Continues: Aspects of service with 9th Bn Border Regt in Burma and India, 1943-1944: comrade’s story of his wounding at Patel; Japanese improvisation; further details of retreat to Imphal via Tiddim, 12/1943; New Year celebrations, 31/12/1943; hearing Tokyo Rose; nature of Japanese soldier who wounded him; character of Commando Platoon; Japanese and British use of punji booby-traps; sight of Japanese suicide attack on tank. Recollections of operations with B Coy, 9th Bn Border Regt in Burma, 1945: unit’s advance into Burma; memories of ‘Long’ John Petty; company action at Meiktila; casualties at Kindi; action at Pyawbwe, 4/1945; fighting at Sittang River, summer 1945; contracting blood poisoning; aid given to British by Nagas; shooting vulture out of tree and George Macdonald Fraser’s opinion of the incident.

Key points:

  • Was in ‘B’ Company 9th Border Regiment
  • Was seconded to the commando platoon; most men in commando platoon were from ‘B’ company
  • The commando platoon was attached to battalion HQ
  • Commando platoons were disbanded after Imphal, so he returned to ‘B’ company for the 1945 campaign.

17 Indian Division was reorganised from a Light Infantry Division to a normal Infantry Division after Imphal. It seems to me that losing the commandos was probably part of reorganisation.

Reel 3

Continues: Voyage from India to GB, 1946 including provisions brought back. Attitude to having served in 9th Bn Border Regt. Opinion of Gurkhas and Frontier Force Rifles.

Nothing about commandos

Defeat into Victory (update 21 Nov 2020 19:30)

General Slim’s book, Defeat into Victory, mentions commandos a few times. Often this sounds like normal British commandos, but he mentions Gurkha commandos in 17 Indian Division. What is interesting about that, is this is before 17 Division converted to a light division.

Commando training

Some ‘commando’ training occurred in India. But this wasn’t for the ordinary battalions so I suspect is not the men I’m interested in.

The Jungle Warfare School run by Army Headquarters turned out a few theoretically trained officers and men, but they all went to form small ‘commando’ units. It would have been better, I think, to have sent them to ordinary infantry battalion to raise the general standard, especially in patrolling – a crying need. (Slim, 2009, p. 40)

Commando men

The next mention is “commando men”. it isn’t obvious from context whether this British commandos or the local variant, but mention of 17 Indian Division suggests is the local innovation.

Meanwhile, the 17th Division showed its spirit. On 17 March [1942] a young major, Calvert, afterwards to become the best known of Wingate’s column commanders, led a daring raid by river on Henzada, a port thought to be much used by the enemy.
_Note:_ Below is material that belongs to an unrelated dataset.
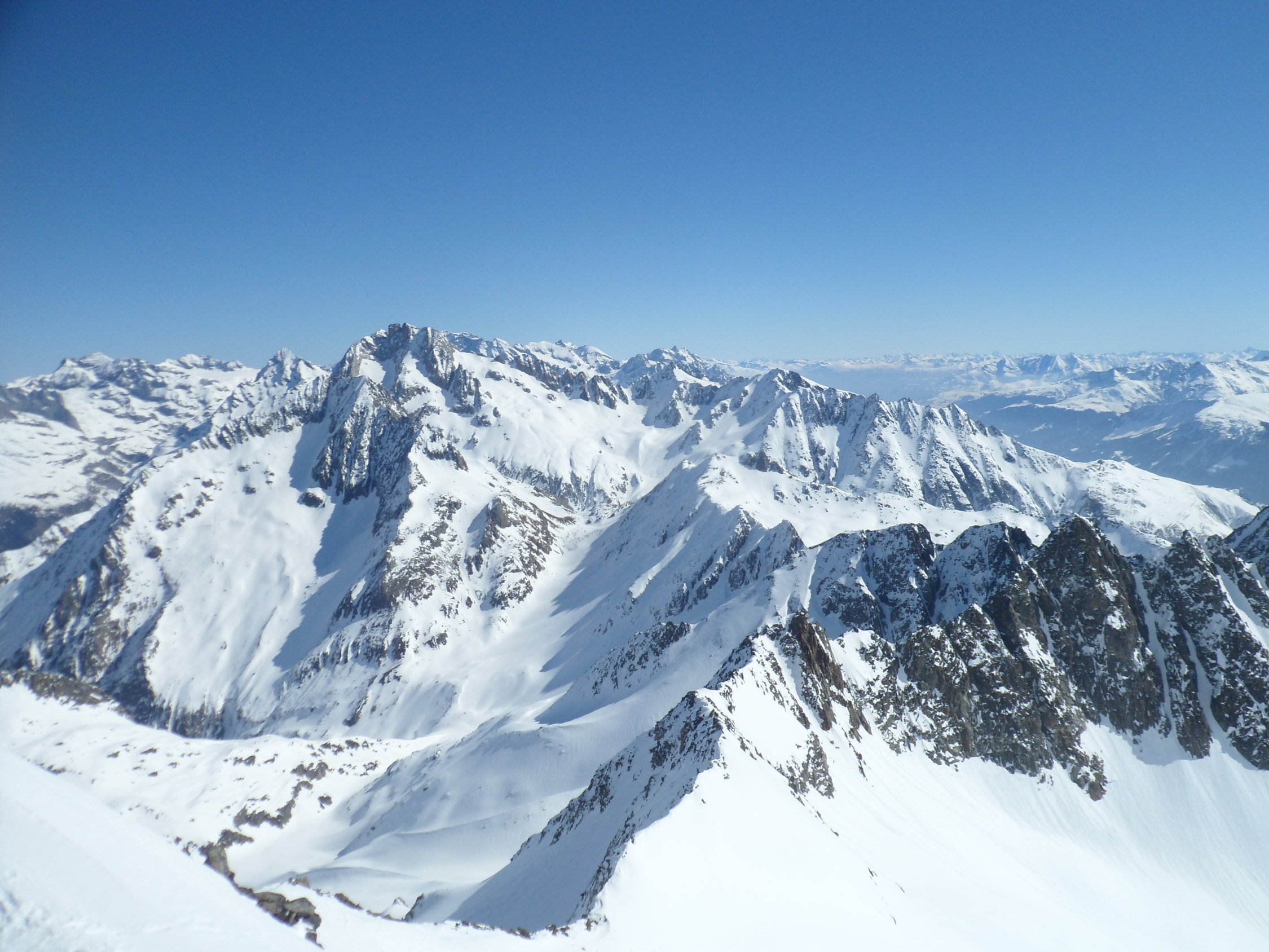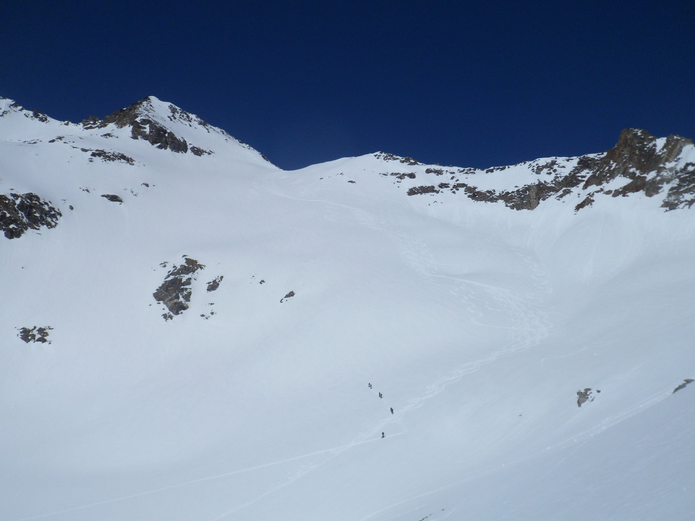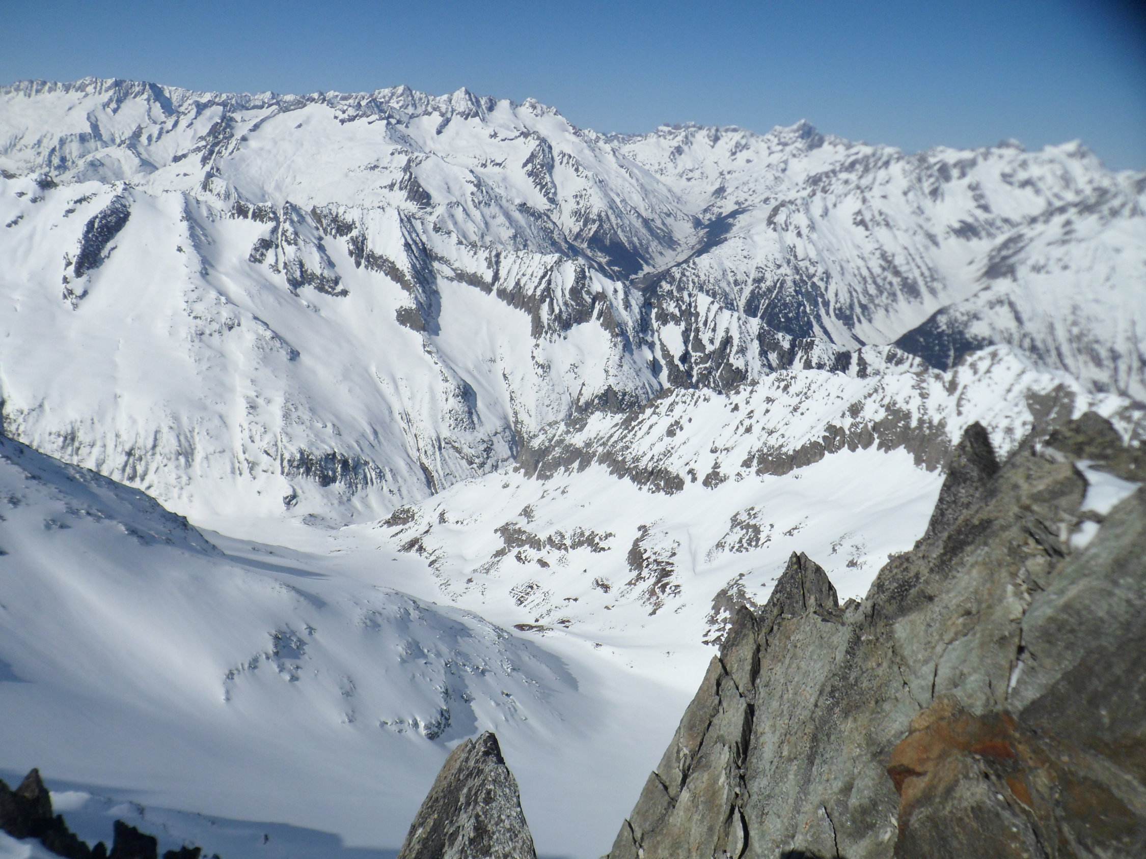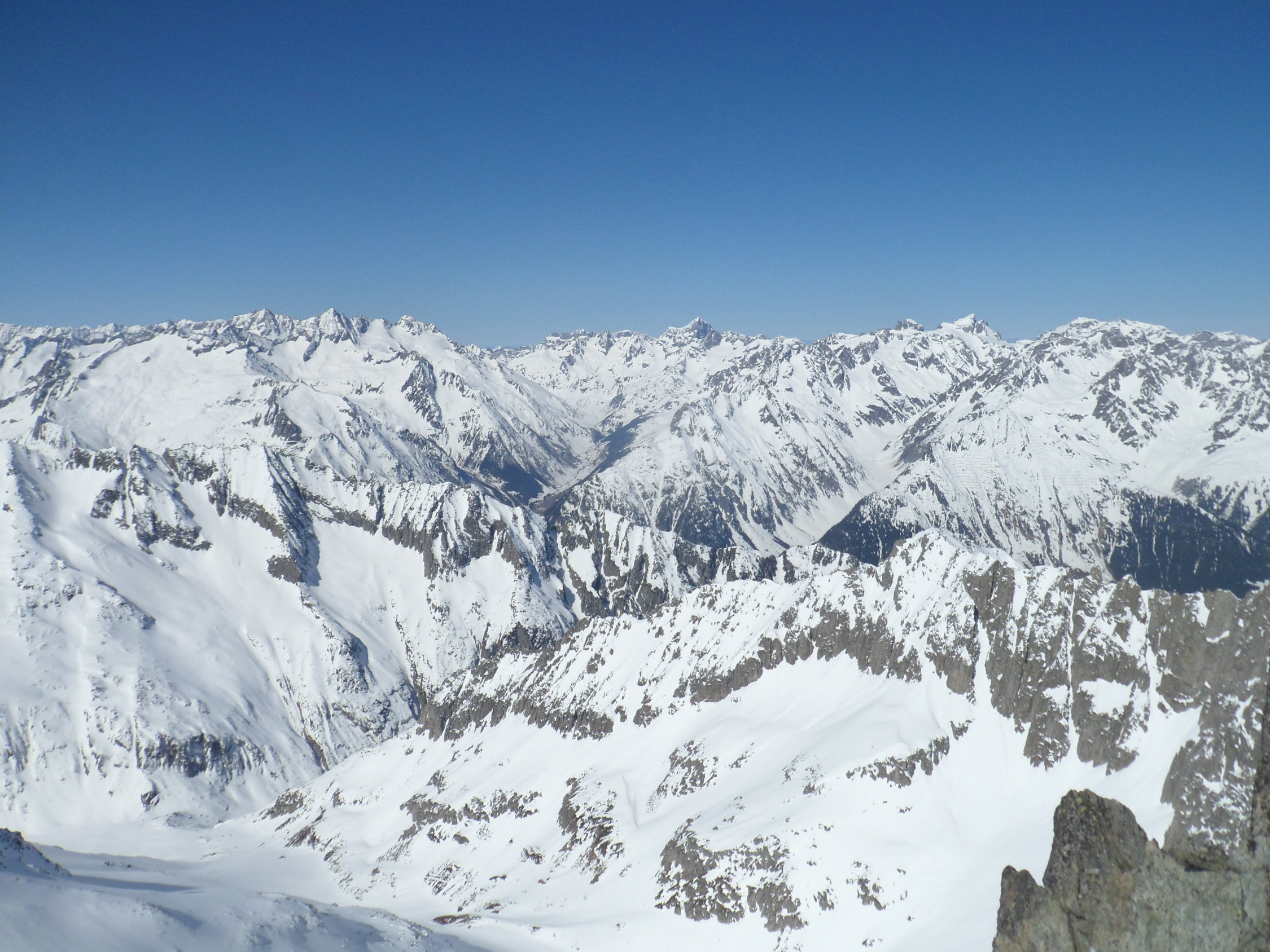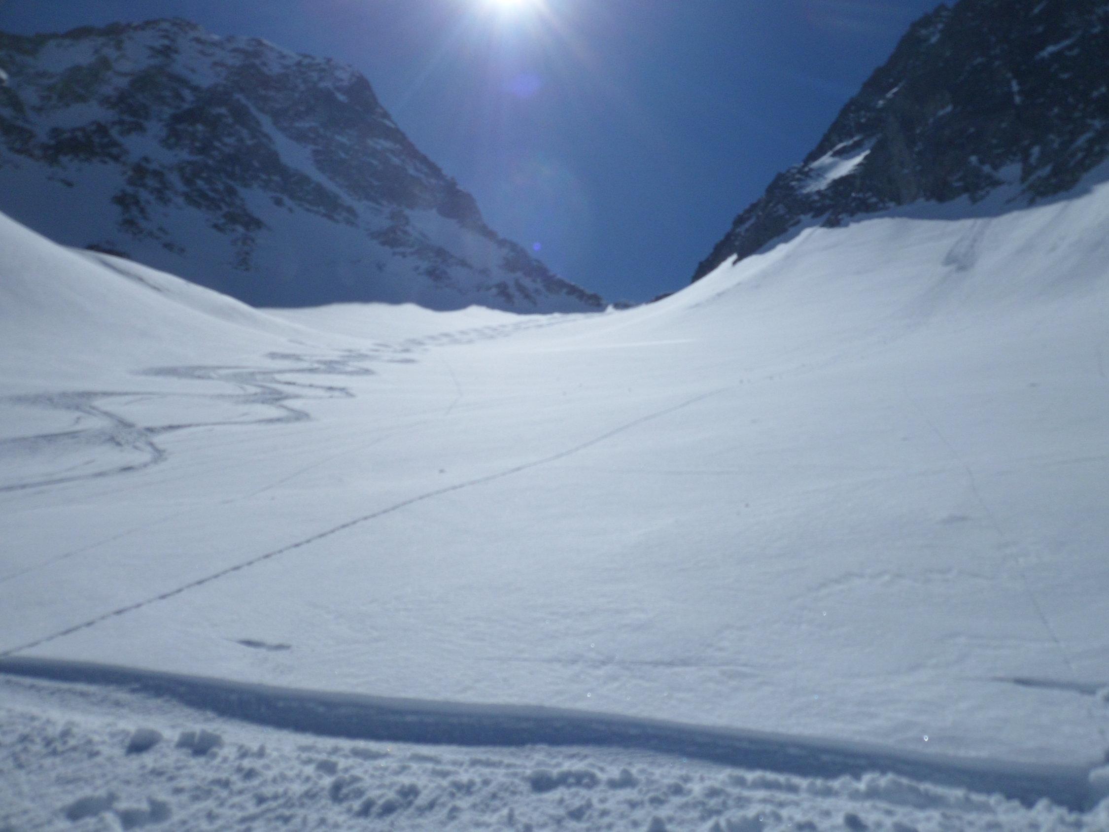 Nordseitig wunderbarer Pulverschnee (etwas windbearbeitet). Man kann mit den Skis bis zum Gipfel. Es hat auch Abfahrtsspuren. Der Schnee ist aber zerfahren und alle Stollen waren um 11 Uhr noch gefrohren. Kein Vergnügen. Zur Zeit besser zu Fuss auf den Gipfel. Die normale Route in dem vom Spillauifirn gebildeten Talmulde von und zur Etzlihütte auf den Giuv ist von einer "Jahrhundertlawine" gefüllt mit Lawinenmüll. Abfahrt in der mittleren von zwei Moränen gebildeten Talmulde ist empfehlenswert.

His scratch party of commando men and Royal Marines inflicted heavy losses on a force of hostile Burmese under Japanese officers who where holding the town. (Slim, 2009, p. 46)

Commando parties

Slim then talks about ‘commando parties’.

The left was protected by the Yomas Intelligence screen, and detachments of the Burma Frontier Force; the right by the Marines in their river craft and commando parties on the west bank of the Irrawaddy working with them. (Slim, 2009, p. 47)
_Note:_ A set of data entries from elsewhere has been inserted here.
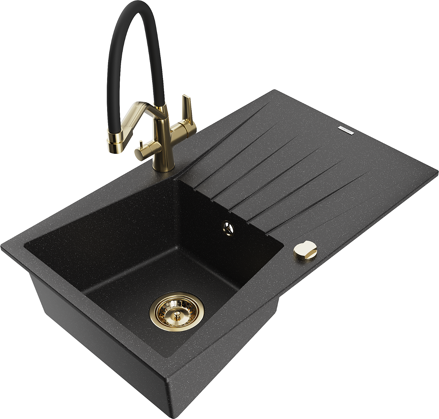 Mexen Cesar granitizlietne ar vienu nodalījumu ar noteces vietu un virtuves jaucējkrānu Duo, melns/sudraba metālika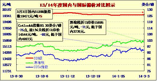 國內(nèi)外棉價(jià)對比圖表(03-03)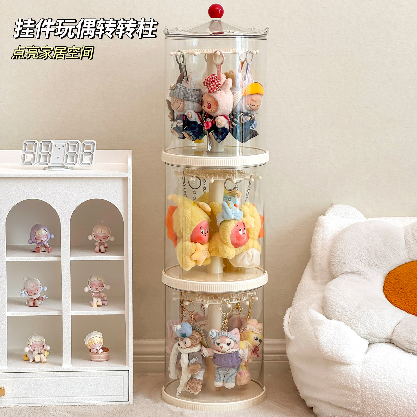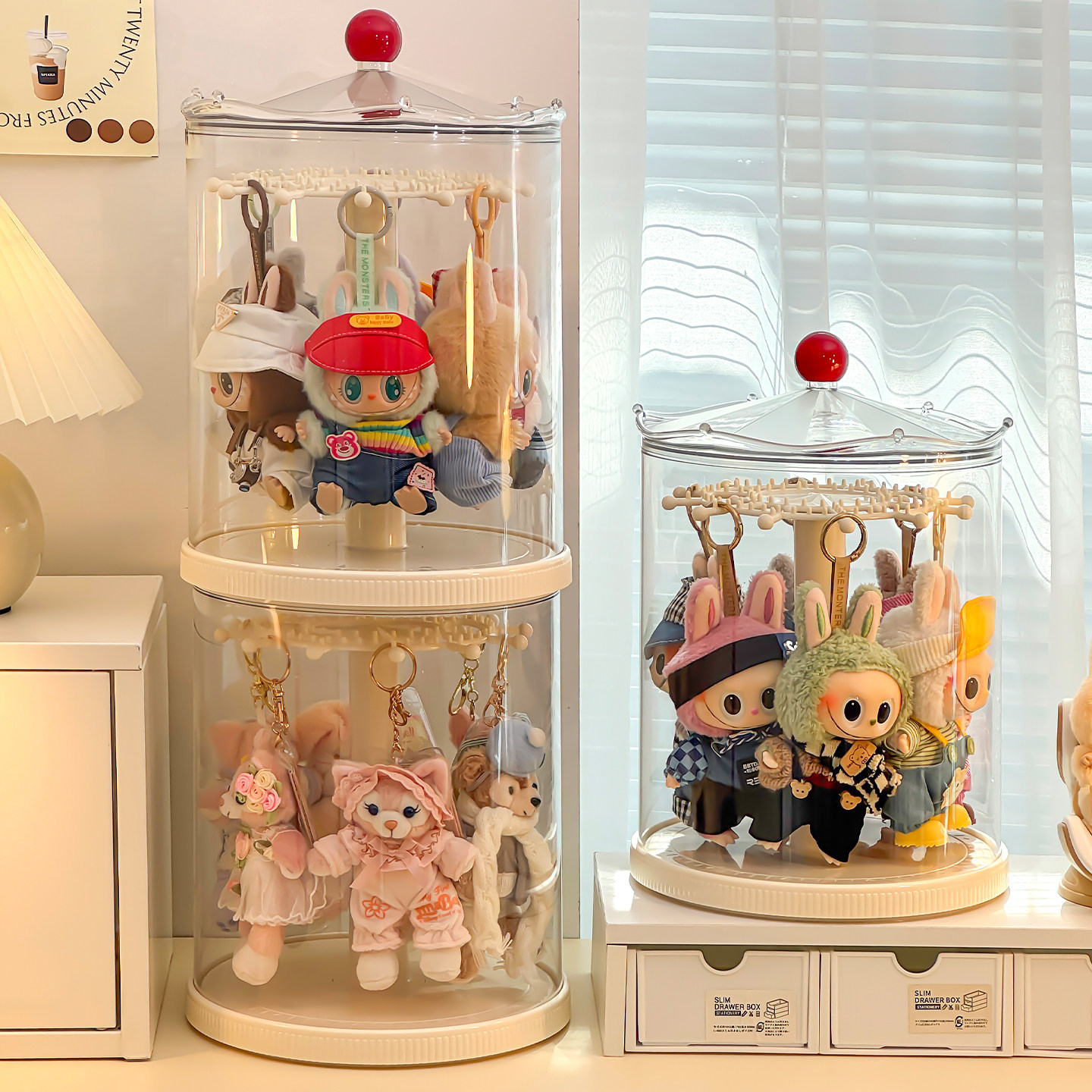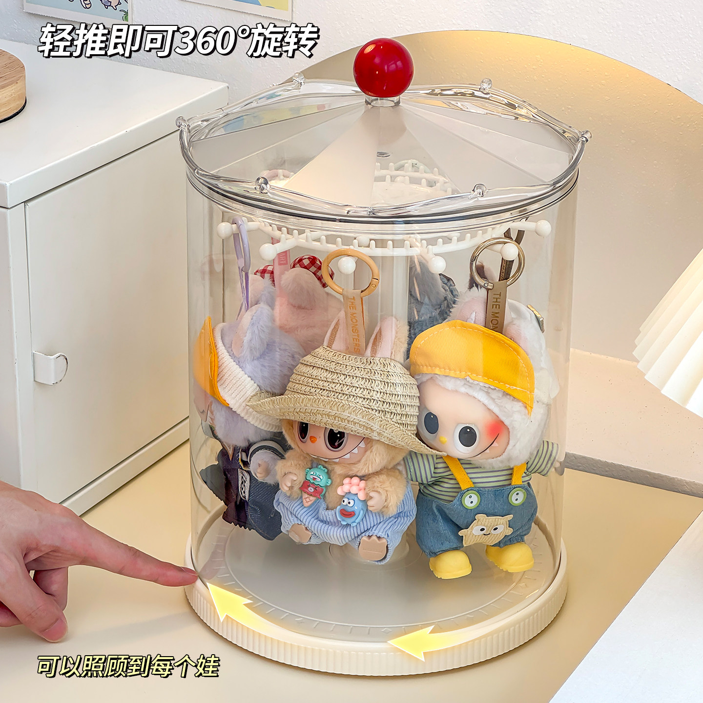 #labubu展示盒 #旋转拉布布挂件收纳盒 #透明防尘罩 #家居好物 #券后价39.9

Although this story doesn’t end well.

Meanwhile, the detachment of Marines, commandos, and Burma Military Police sent to secure the west bank of the Irrawaddy had occupied Padaung village. The villagers welcomed them and brought food. A patrol sent out reported no enemy for eighteen miles to the south. Actually, a Japanese force was all the time concealed in the village, and it surprised our men as they were resting. They put up a desperate but hopeless resistance. Some escaped, many were killed on the spot by the Japanese or treacherous inhabitants, but twelve British soldiers and Marines, all wounded, were kept till next day when they were tied to trees and used by the Japanese to demonstrate bayonet fighting to the admiring villagers. (Slim, 2009, p. 54-55)

Commando men (again)

A scratch force of commando men and two companies of Gurkhas was at the same time sent south-west to the river, where a tributary entered it, to guard agains a Japanese attempt to trike inland up to the watercourse and cut us off. (Slim, 2009, 112)

Gurkha commandos

When discussing the retreat of 17 Indian Division in 1942 Slim mentions “Gurkha commandos”.
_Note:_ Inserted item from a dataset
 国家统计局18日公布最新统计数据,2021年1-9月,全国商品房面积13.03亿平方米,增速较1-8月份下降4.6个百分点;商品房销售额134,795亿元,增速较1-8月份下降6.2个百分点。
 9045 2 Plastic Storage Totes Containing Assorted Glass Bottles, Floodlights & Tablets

We had already pushed forward the Gurkha commando detachment to watch the most likely approach from the river. (Slim, 2009, p. 115)

The party on the east bank moved inland to avoid the battalion defending the boom and ran into the Gurkha commando party, whose only wireless set failed to get in touch with the Brigade headquarters at Shwegyin. For some reason the command of the party did not attack the Japanese column, but attempted to withdraw, keeping his men between the enemy and the ‘Basin’. In the dark, the Gurkhas lost touch with one another and broke up into small groups, which made their way back as best they could. The officer himself was drowned trying to swim the Chindwin to escape capture. Some of his men arrived mingled with the Japanese, others made their way back individually, a large number were lost – and no warning was given.

Commando Brigade

Slim (2009) mentions a commando brigade, but I suspect this was a real British commandos rather than the local innovation.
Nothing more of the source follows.